少し前の話だ。
あるシステム開発会社の新卒採用の担当者から連絡があり、
「「内定承諾書提出の期限を伸ばして欲しい」と内定を出した学生から言われたが、期限を延ばしても良いかどうか迷っている」
と相談があった。
まず、法律的な話をすれば、すでに学生に対して内定通知は出しているのだから、企業は内定の承諾をしてもしなくても「内定取り消し」はできない。
内定を出した以上、あとは学生の選択に委ねることになる。だから実は「内定承諾書」自体に大した意味はない。
被用者たる学生の立場は強いのだ。
ただ、だからといってなんでも許される、というわけではない。
一般的には学生が「内定承諾書の提出」を拒否すれば、「入社はしません」というのと同義と企業は考えるだろう。
後から「やはり入社します」と言っても、企業側が採用予定人数を充足してしまっている場合は、入社を拒否されてもおかしくはない。
このケースでは内定を出して1,2週間で入社を承諾するか、それとも他に行くか。決めなければならないが、その結論を出す日を延長してくれ、という学生さんは言っている。
私は担当者に訊ねた。
「内定承諾の期限を多少伸ばすくらいであれば、問題はないのでは?」
すると、新卒採用の担当者は言った。
「実は、この学生さん、社長面接と役員面接では「御社に絶対に入りたい」と言ってたのです。なので、それが決め手になって、内定を出しました。」
「はい。」
「ところが、内定を出した後、「他の会社も見たいから、内定承諾の期限を延長してくれ」と突然言われたのです。社長は怒ってしまって、「ウソを言う学生は要らない。」と言っています。私も正直、微妙な思いです。」
「なるほど……」
「ウソはやめてくれ、第二志望なら第二志望と言ってくれと、あれほど言っていたのに、こういうことをされると、こっちが学生を不信に思ってしまいすよ。」
面接で学生が「盛る」ことは少なからずある。
だが「絶対に御社に行きたいです」と言っておいて、「他を受けているので」と言われた側の気持ちは確かに良くないだろう。
彼らの言い分は「ビジネスは信用が第一なのに、手のひらを簡単に返す人間を入社させていいのか」である。
「社長は、虚偽を言ったのだから、内定取り消しも辞さない、といいそうですが、どうしたら良いかと思いまして……。

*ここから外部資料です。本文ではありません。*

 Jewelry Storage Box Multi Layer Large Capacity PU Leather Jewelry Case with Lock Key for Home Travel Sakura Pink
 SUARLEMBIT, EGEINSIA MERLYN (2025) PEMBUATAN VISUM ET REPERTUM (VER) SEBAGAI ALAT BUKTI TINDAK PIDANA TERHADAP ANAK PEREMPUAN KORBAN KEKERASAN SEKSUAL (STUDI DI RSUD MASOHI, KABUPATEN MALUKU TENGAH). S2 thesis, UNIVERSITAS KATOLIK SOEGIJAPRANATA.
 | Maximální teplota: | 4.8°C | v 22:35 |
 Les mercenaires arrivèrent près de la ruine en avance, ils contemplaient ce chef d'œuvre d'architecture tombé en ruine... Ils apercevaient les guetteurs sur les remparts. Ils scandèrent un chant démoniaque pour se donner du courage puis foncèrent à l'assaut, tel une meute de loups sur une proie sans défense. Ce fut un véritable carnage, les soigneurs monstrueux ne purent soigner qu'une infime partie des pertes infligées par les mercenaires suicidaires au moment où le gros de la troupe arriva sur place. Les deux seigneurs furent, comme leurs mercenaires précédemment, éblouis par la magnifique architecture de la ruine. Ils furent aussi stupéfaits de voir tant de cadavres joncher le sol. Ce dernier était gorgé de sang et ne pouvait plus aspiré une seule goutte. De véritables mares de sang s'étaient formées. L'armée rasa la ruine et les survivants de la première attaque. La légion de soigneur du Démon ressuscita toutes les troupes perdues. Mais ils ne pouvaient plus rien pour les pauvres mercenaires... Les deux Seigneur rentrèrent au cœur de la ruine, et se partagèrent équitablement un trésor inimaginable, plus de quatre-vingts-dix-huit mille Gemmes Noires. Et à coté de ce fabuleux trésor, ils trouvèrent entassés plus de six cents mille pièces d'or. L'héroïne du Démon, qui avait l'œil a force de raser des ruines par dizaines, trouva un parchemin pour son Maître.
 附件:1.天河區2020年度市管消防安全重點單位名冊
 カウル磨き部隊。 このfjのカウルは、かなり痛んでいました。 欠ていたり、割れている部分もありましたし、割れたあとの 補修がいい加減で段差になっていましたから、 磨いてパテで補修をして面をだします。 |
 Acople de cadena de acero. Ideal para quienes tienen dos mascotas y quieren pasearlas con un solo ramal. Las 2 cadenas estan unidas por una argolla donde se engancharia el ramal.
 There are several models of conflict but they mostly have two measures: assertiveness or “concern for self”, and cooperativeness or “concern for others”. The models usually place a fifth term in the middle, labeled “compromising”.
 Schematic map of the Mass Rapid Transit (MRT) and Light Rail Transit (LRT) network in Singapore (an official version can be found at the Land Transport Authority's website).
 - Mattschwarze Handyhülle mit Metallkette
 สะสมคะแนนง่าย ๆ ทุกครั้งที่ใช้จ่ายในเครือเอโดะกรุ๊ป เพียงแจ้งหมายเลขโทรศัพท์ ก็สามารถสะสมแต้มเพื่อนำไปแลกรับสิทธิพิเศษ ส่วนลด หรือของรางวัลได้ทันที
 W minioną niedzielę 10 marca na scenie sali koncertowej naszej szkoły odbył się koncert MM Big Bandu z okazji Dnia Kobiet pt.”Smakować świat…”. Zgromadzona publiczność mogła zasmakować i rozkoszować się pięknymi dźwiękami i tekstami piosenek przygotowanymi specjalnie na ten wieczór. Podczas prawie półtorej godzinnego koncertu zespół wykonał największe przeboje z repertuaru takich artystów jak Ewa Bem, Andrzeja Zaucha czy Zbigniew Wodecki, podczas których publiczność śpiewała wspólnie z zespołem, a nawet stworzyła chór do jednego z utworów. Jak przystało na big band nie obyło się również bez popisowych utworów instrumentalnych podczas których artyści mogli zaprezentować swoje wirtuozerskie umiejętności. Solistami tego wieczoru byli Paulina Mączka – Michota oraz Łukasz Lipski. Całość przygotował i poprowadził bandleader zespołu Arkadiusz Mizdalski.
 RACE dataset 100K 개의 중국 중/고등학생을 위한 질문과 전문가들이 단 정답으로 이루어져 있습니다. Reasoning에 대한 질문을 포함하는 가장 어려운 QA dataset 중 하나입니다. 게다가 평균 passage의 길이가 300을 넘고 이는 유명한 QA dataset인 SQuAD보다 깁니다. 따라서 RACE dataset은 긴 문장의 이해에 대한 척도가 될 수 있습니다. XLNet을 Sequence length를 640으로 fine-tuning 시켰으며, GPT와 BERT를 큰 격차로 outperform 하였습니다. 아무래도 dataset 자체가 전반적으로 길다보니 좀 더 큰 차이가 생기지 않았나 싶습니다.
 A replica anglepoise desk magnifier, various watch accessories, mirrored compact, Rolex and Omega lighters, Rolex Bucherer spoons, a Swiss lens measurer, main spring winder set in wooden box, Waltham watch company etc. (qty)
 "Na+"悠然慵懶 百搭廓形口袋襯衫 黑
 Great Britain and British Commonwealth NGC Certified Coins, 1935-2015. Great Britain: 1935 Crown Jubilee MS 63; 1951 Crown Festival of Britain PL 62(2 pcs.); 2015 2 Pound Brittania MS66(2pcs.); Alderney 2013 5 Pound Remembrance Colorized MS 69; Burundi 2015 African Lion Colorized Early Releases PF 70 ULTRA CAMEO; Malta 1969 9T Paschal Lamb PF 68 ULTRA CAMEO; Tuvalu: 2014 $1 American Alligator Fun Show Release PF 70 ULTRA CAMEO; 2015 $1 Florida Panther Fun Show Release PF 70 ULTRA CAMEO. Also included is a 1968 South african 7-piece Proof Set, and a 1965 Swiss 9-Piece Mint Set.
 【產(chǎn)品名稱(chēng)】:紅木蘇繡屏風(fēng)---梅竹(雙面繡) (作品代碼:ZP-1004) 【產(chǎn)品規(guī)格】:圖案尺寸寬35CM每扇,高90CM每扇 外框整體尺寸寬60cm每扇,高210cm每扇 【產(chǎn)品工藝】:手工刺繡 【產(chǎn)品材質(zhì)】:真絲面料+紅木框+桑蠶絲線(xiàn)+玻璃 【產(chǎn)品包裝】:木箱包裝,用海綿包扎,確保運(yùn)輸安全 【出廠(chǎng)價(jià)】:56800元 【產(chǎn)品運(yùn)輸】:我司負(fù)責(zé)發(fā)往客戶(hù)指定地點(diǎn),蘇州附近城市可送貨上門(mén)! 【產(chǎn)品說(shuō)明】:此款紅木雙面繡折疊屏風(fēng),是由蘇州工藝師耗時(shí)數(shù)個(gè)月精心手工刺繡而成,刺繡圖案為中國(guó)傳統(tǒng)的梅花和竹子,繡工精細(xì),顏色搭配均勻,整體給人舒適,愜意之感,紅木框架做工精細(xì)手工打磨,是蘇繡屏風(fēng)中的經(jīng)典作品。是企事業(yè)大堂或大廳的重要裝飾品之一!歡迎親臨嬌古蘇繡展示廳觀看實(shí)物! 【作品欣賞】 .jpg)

」
ただ、冷静になると学生の気持ちもわからなくはない。内定を獲得しておいて、より良い企業に受かったら内定を辞退する。合理的に考えればウソもつくだろう。
「所詮この世は化かし合い」「騙される方が悪い」と考える方もいる。
私は社長と話した。
「どうなさるつもりでしょうか?」
「正直、頭にきた。」
「そうですよね。」
「でも、結局内定承諾の延長には応じることにした。」
「そうなんですか。なぜですか?」
「法的に内定の取り消しはできないし、不満を抱えて会社に入ってもらっても困る。」
「確かにそうですね。」
「それに、私は社員の自由を尊重する。会社がバカにされたようで、腹は立つが。」
だが、実は私は知っていた。社長は多分認めるだろう、ということを。
なぜなら、数年前に新卒採用した社員に「なぜこの会社に入社したのですか?」とヒアリングをかけた時に彼はこう答えたのだ。
「社長が信用できそうだ、と思ったからですよ。」
「なぜですか?」
「内定をもらったあと、親から就職先についていろいろ言われたんです。「本当にそこでいいのか」って。そこで、「就職活動を続けたいので、内定承諾を待ってください」と言ったんですよ。そしたら社長、「自分が納得するまでやってくれ」って言ったんです。それで、この会社に決めました。」
社長の思惑とは異なるかもしれないが、「寛容な人は、信用できる」と考える人もいる。
騙されても「寛容」を貫くのは大変かもしれないが。